**INSTRUCTIONS TO FOLLOW**
The expected output is every entry that follows, reproduced exactly.

Recorded data
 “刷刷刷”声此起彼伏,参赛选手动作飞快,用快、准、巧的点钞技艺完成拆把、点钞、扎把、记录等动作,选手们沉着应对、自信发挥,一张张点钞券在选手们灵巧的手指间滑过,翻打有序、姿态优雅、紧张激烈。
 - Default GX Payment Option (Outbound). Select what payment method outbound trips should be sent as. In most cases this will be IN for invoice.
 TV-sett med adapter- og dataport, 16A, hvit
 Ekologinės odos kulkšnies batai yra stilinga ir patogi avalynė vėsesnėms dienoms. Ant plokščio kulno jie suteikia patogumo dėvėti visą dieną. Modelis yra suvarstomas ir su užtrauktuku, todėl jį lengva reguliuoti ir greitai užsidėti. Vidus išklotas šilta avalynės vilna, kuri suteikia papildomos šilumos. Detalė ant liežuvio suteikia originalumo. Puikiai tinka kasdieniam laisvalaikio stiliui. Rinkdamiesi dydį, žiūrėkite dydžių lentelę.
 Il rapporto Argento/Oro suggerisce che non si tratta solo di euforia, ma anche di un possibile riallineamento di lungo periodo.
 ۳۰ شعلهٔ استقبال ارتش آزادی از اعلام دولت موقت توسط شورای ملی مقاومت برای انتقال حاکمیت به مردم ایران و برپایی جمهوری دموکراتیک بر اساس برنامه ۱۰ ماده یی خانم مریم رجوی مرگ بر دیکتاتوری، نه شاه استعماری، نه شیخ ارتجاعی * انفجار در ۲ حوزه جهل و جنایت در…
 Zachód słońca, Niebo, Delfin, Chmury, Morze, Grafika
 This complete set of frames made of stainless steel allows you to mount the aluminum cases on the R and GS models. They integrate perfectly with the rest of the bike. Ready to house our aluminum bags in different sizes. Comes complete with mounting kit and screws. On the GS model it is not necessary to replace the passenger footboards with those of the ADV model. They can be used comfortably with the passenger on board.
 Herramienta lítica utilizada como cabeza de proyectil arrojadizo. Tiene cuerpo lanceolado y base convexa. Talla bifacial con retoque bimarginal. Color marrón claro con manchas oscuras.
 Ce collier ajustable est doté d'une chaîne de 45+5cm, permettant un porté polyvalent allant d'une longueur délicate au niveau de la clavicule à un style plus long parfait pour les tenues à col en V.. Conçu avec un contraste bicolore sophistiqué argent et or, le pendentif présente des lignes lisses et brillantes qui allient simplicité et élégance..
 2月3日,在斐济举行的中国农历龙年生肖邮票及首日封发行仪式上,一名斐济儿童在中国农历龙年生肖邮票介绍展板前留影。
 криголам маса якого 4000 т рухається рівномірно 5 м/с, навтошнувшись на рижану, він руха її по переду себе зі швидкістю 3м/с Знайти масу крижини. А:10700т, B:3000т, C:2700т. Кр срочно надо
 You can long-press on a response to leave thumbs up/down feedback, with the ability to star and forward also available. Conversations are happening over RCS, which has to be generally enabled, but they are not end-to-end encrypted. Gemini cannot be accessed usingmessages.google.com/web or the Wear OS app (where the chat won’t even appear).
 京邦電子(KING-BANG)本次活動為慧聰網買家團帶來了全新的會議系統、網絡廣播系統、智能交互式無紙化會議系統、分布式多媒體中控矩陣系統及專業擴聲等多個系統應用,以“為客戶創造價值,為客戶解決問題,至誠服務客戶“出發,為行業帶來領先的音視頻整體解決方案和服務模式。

**SOLVED PROBLEM**
 “刷刷刷”声此起彼伏,参赛选手动作飞快,用快、准、巧的点钞技艺完成拆把、点钞、扎把、记录等动作,选手们沉着应对、自信发挥,一张张点钞券在选手们灵巧的手指间滑过,翻打有序、姿态优雅、紧张激烈。
 - Default GX Payment Option (Outbound). Select what payment method outbound trips should be sent as. In most cases this will be IN for invoice.
 TV-sett med adapter- og dataport, 16A, hvit
 Ekologinės odos kulkšnies batai yra stilinga ir patogi avalynė vėsesnėms dienoms. Ant plokščio kulno jie suteikia patogumo dėvėti visą dieną. Modelis yra suvarstomas ir su užtrauktuku, todėl jį lengva reguliuoti ir greitai užsidėti. Vidus išklotas šilta avalynės vilna, kuri suteikia papildomos šilumos. Detalė ant liežuvio suteikia originalumo. Puikiai tinka kasdieniam laisvalaikio stiliui. Rinkdamiesi dydį, žiūrėkite dydžių lentelę.
 Il rapporto Argento/Oro suggerisce che non si tratta solo di euforia, ma anche di un possibile riallineamento di lungo periodo.
 ۳۰ شعلهٔ استقبال ارتش آزادی از اعلام دولت موقت توسط شورای ملی مقاومت برای انتقال حاکمیت به مردم ایران و برپایی جمهوری دموکراتیک بر اساس برنامه ۱۰ ماده یی خانم مریم رجوی مرگ بر دیکتاتوری، نه شاه استعماری، نه شیخ ارتجاعی * انفجار در ۲ حوزه جهل و جنایت در…
 Zachód słońca, Niebo, Delfin, Chmury, Morze, Grafika
 This complete set of frames made of stainless steel allows you to mount the aluminum cases on the R and GS models. They integrate perfectly with the rest of the bike. Ready to house our aluminum bags in different sizes. Comes complete with mounting kit and screws. On the GS model it is not necessary to replace the passenger footboards with those of the ADV model. They can be used comfortably with the passenger on board.
 Herramienta lítica utilizada como cabeza de proyectil arrojadizo. Tiene cuerpo lanceolado y base convexa. Talla bifacial con retoque bimarginal. Color marrón claro con manchas oscuras.
 Ce collier ajustable est doté d'une chaîne de 45+5cm, permettant un porté polyvalent allant d'une longueur délicate au niveau de la clavicule à un style plus long parfait pour les tenues à col en V.. Conçu avec un contraste bicolore sophistiqué argent et or, le pendentif présente des lignes lisses et brillantes qui allient simplicité et élégance..
 2月3日,在斐济举行的中国农历龙年生肖邮票及首日封发行仪式上,一名斐济儿童在中国农历龙年生肖邮票介绍展板前留影。
 криголам маса якого 4000 т рухається рівномірно 5 м/с, навтошнувшись на рижану, він руха її по переду себе зі швидкістю 3м/с Знайти масу крижини. А:10700т, B:3000т, C:2700т. Кр срочно надо
 You can long-press on a response to leave thumbs up/down feedback, with the ability to star and forward also available. Conversations are happening over RCS, which has to be generally enabled, but they are not end-to-end encrypted. Gemini cannot be accessed usingmessages.google.com/web or the Wear OS app (where the chat won’t even appear).
 京邦電子(KING-BANG)本次活動為慧聰網買家團帶來了全新的會議系統、網絡廣播系統、智能交互式無紙化會議系統、分布式多媒體中控矩陣系統及專業擴聲等多個系統應用,以“為客戶創造價值,為客戶解決問題,至誠服務客戶“出發,為行業帶來領先的音視頻整體解決方案和服務模式。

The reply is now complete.